- _What is being asked_
Your answer must be the lines from the top of the listing below through the line that holds "近日,安徽交通职业技术学院党", retyped exactly, with no pictures.

- _Dataset section_
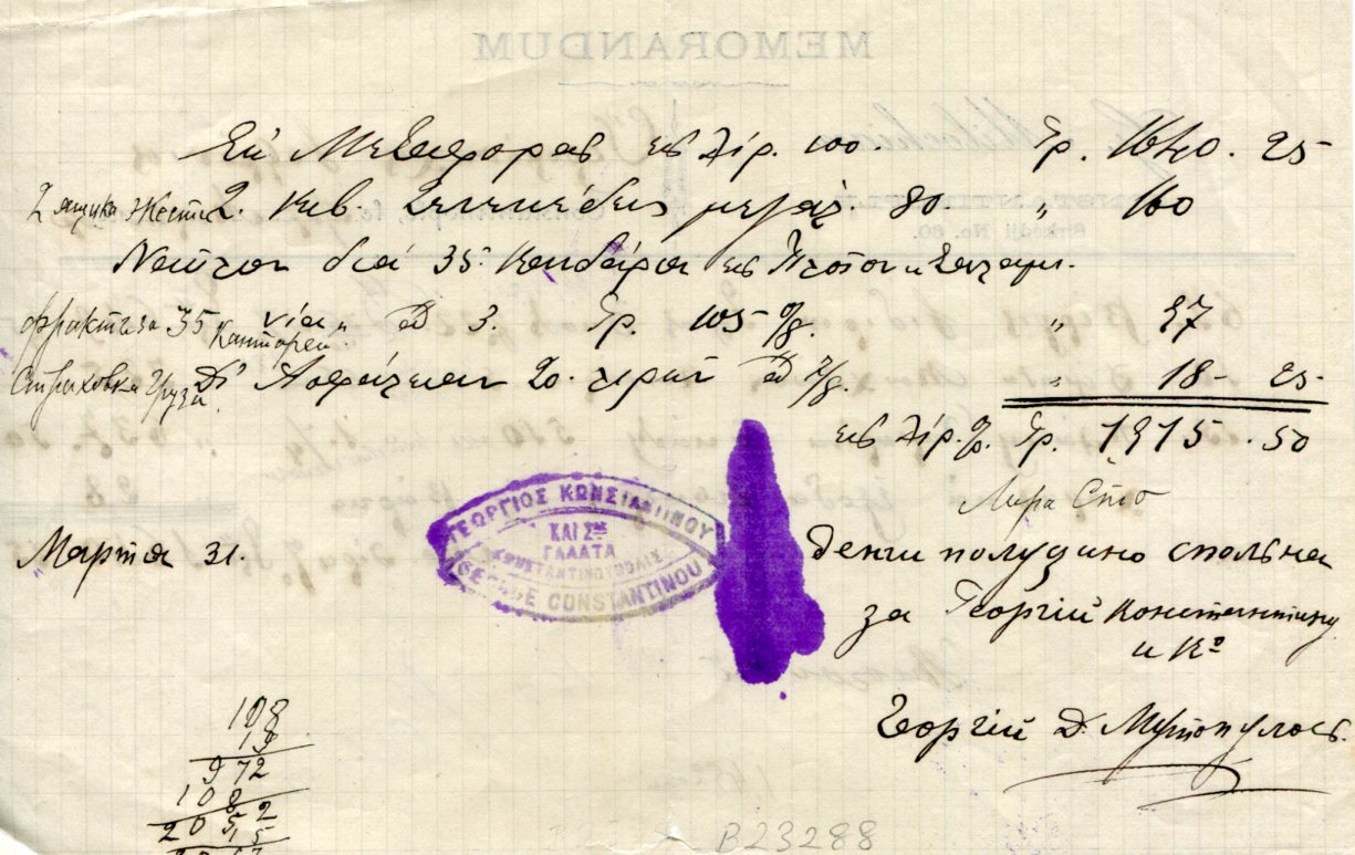 1894 Turkey Istanbul Armenian Merchant Memorandum quantity
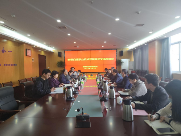 近日,安徽交通职业技术学院党委副书记杨菲铃率队来校调研交流。学校党委副书记、副校长何翔,党委委员、纪委书记罗虹及相关部门负责人参加座谈交流会。
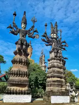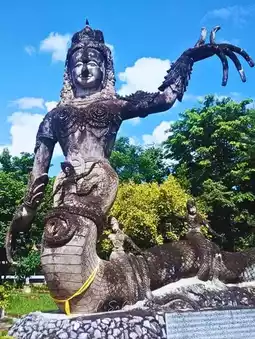 This unseen attraction houses a multitude of colossal concrete sculptures, seamlessly blending Buddhist and Hindu beliefs. Experience and be amazed by the enormous statues, each with its own fascinating story. Each statue was created with the imagination and religious inspiration of its founder, Grandfather Boonlue Sureerat. There are many interesting statues, including various postures of the Buddha, Bodhisattvas, and Hindu deities like Shiva, Vishnu, and Ganesha, towering throughout the area, making you feel like you're walking in the land of the gods.
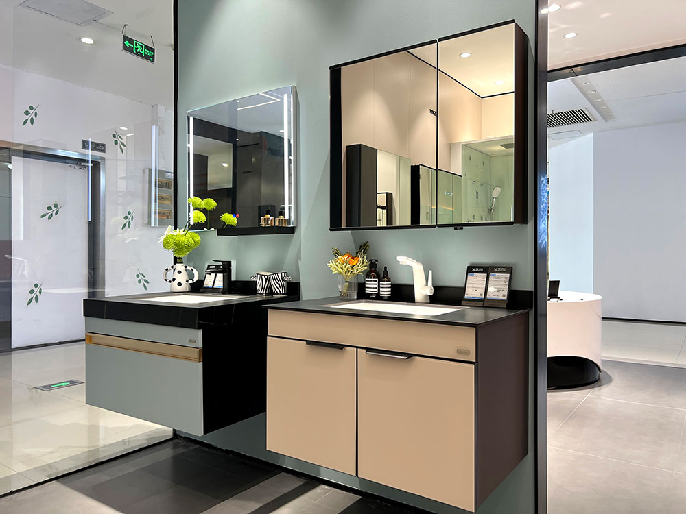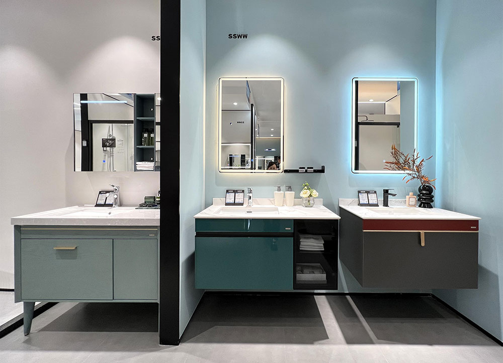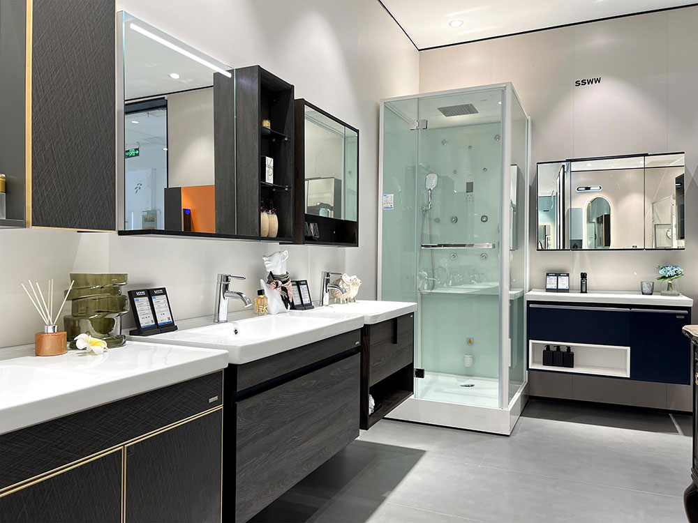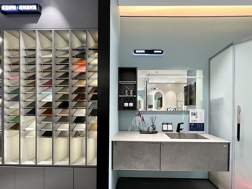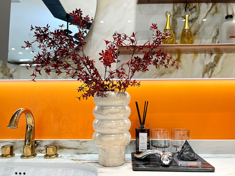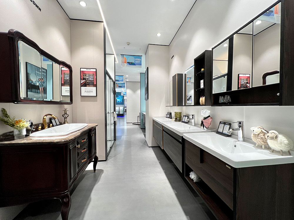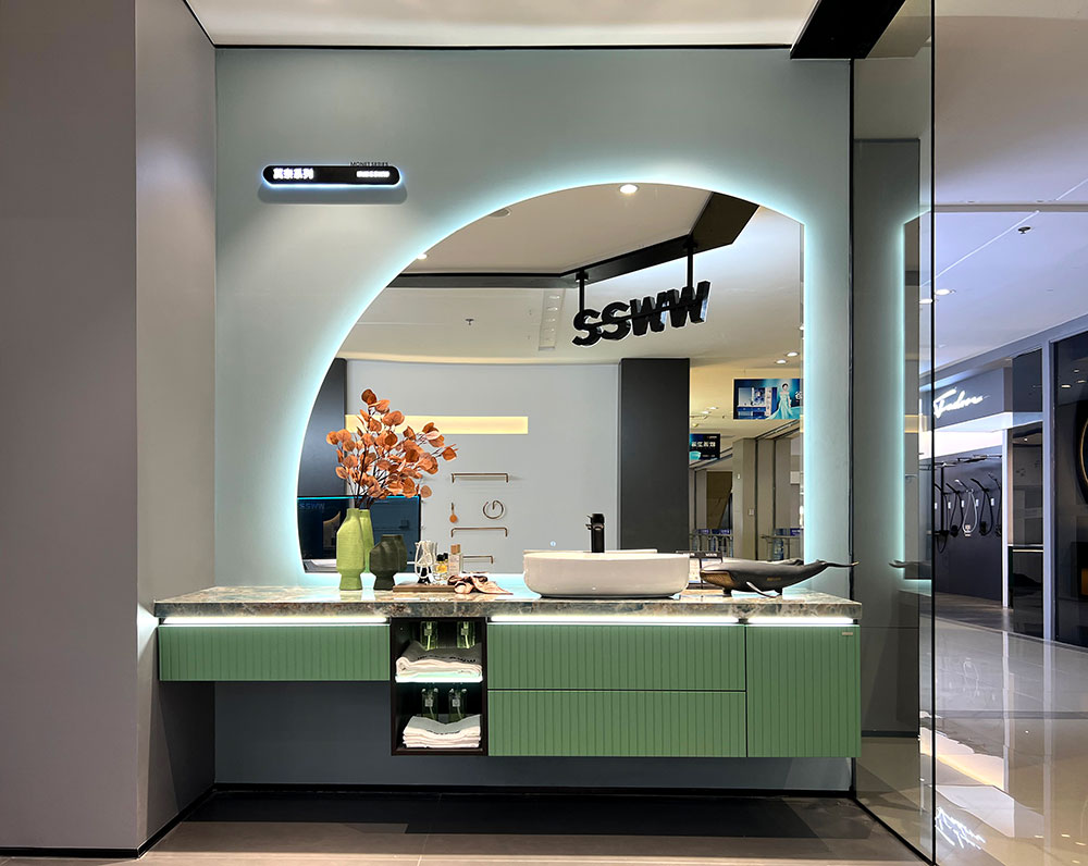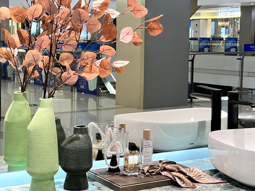 衛(wèi)浴各品類產(chǎn)品的展示,以半獨立的空間區(qū)域劃分,突顯各品類的統(tǒng)一性,同時也更加強調(diào)產(chǎn)品的體驗感。其中,浴室柜展示區(qū)域,配有各種軟裝飾品、擺件,精致、時尚,營造出顧客無法拒絕的精致生活。

- _Solution below_
 1894 Turkey Istanbul Armenian Merchant Memorandum quantity
 近日,安徽交通职业技术学院党委副书记杨菲铃率队来校调研交流。学校党委副书记、副校长何翔,党委委员、纪委书记罗虹及相关部门负责人参加座谈交流会。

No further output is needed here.